First, take the equation:

x(x-15) + y(y-10) + 78 <= 0

and complete the square.  You should end up with an equation:

(x-a)^2 + (y-b)^2 <= r^2

where a, b, and r are constants.

Now how much calculus do you know?  Since you are finding min and max's, I have to assume you know some, but this seems like a Multivariable Calculus question.  Is this what you're taking?

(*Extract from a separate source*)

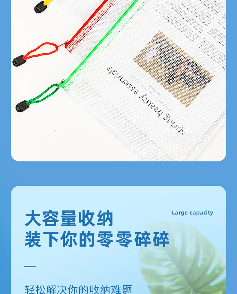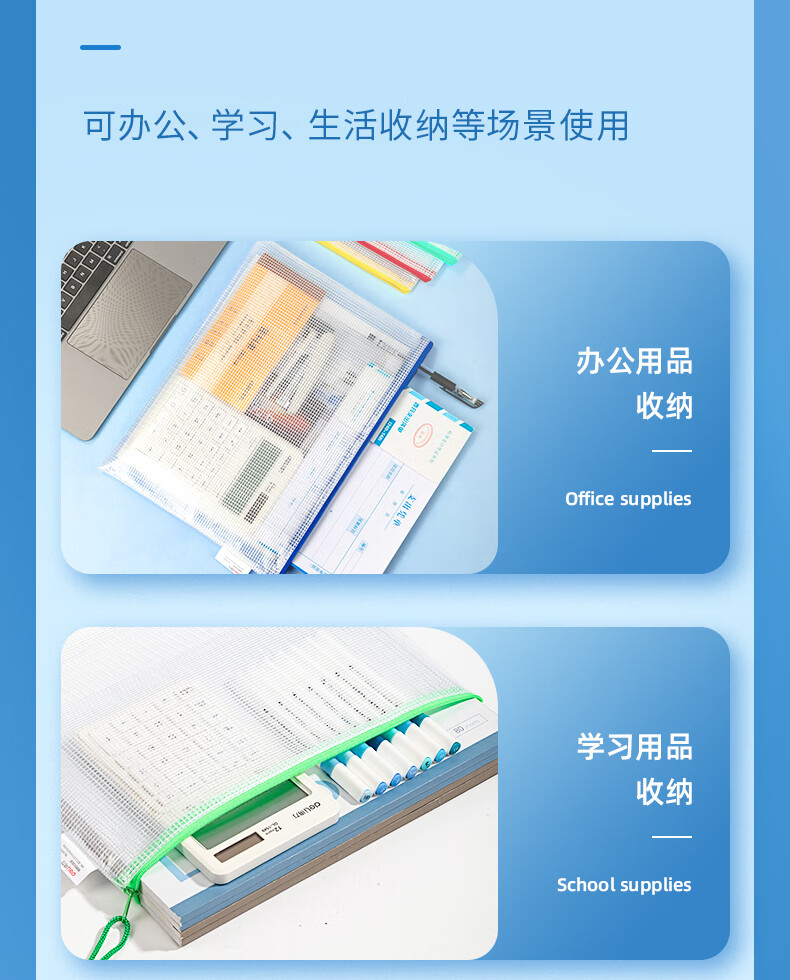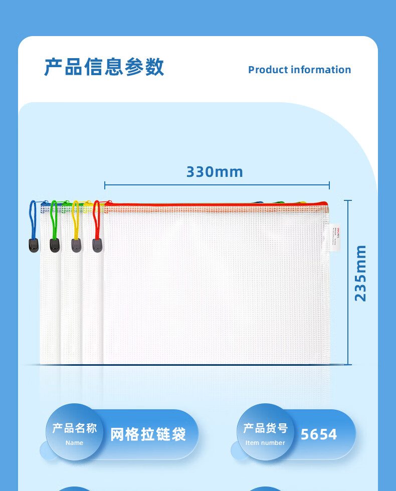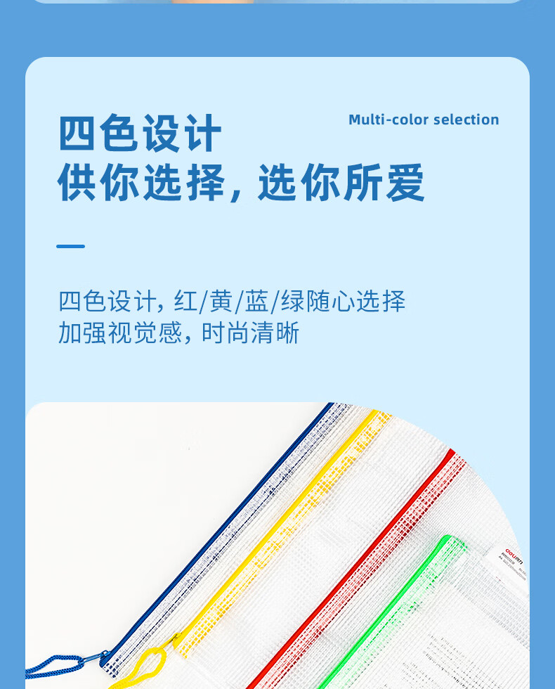 商品名稱(chēng):得力5654 網(wǎng)格拉鏈袋 A4收納袋透明文件袋資料袋科目袋學(xué)科袋 顏色隨機(jī) 單個(gè)裝

If so, all you need to do is derivative with respect to x and y, find the zeros and the end points on the region.  Then find which one of these is the highest and which is the lowest.

krisper
2006-01-04 21:32:52

For y and x we have this : x(x-15) + y(y-10) + 78 <= 0; Find the max and the min value of the expression : 3x + 2y.

I dont know if this is the right method for this problem but here is where I am:

I. x^2 - 15x + y^2 - 10y + 78 <= 0
5(3x + 2y) => x^2 + y^2 + 78
And here I dont know what to do so I try another method:

II.  x^2 - 15x + y^2 - 10y + 78 <= 78
x^2 - 15x + 225/4 <= 10y - y^2 - 25 + 13/4
(x-7,5)(x+7,5) <= -(y-5)(y-5) + 13/4
(x-7,5)(x+7,5) <= (√13/2 - y + 5)(√13/2 + y - 5)
(x-7,5)(x+7,5) <= 1/4(√13 - 2y + 10)(√13 + 2y - 10)

But here I am stuck again. I find the roots of these 2 equasions for x and y, draw their parabolas and compare them but the only thing I find is an interval of solutions not min and max values of the 3x + 2y. Please help Thanks.